How Gender Parity Looks On Business School Campuses

How Gender Parity Looks On Business School Campuses

Last year, the Wharton School of the University of Pennsylvania made history by enrolling more women than men in its 2023 MBA class. It was the first of the seven elite B-schools to have a class consisting of majority women. This year, Wharton repeated the feat.

Bloomberg recently examined gender parity among top-tier B-schools and explored what Wharton’s majority female MBA programs means for other schools.


While B-schools still have a long way to go on reaching true gender parity, many have made an effort to improve over the years.
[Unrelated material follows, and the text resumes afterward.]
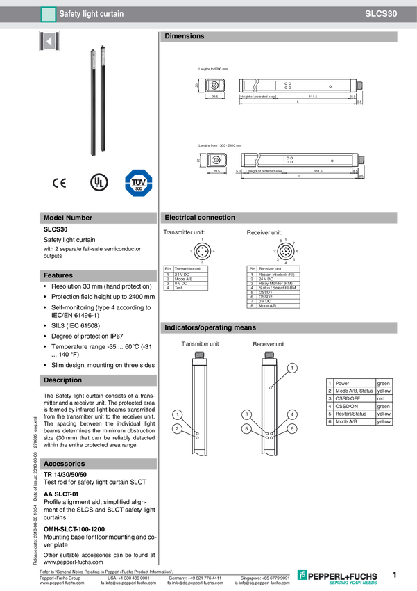 Pepperl+Fuchs Kurtyna bezpieczeństwa SLCS30-1400-R 24 V/DC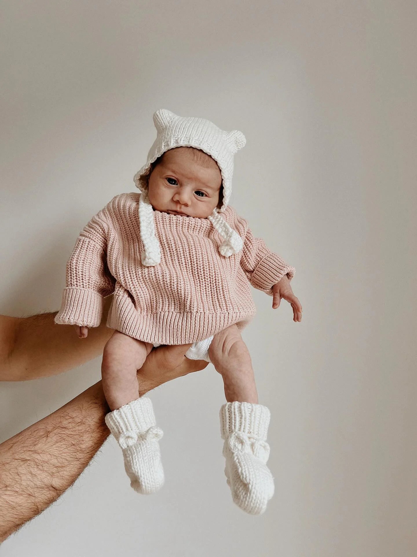 Pop Ya Tot's gorgeous bonnet is crafted from 100% organic cotton, this hand-knitted bear ear bonnet will keep your little one's head warm in style.

The Forte Foundation, a nonprofit advocacy and advancement organization, has been tracking gender parity among B-schools for years. When Forte first started, 28% of MBA classes in the US were comprised of women. Just last year, however, that rate grew to about 40% among the 56 schools that Forte tracks. Elissa Sangster, CEO of Forte Foundation, says the chances of being the only women on a team in an MBA program today is “very low.”


One of the ways business schools are actively trying to improve the community amongst campus is through allyship and support groups. Wharton was one of the first top-ranked B-schools to add a male ally club. It also helps that in 2020 Wharton appointed the school’s first woman and first person of color, Erika James, to run the MBA program.

“I’m excited, and I do recognize the historic nature of it, and I’m humbled by the opportunity,” James said in 2020. “Frankly, I believe my gender is the least of what I have to offer. Because I’m a woman, I bring a perspective on decision-making and how I engage in the community.”


While more women today are pursuing an MBA than years past, men with a business degree still earn more than women with the same credentials. According to a report by the Center on Education and the Workforce, while women had 43% of the master’s degrees among the study’s participants, they earned a median $75,600 a year, or less than the $90,000 for men. It’s a study that aligns with the 83% gender pay gap in the US.

“It’s daunting if you’re a woman to get an MBA and it’s frustrating when you get it and you make less than an equally qualified man,” Martin Van Der Werf, director of editorial and education policy at Georgetown University’s Center on Education and the Workforce, says. “That can dissuade people from pursuing these degrees.”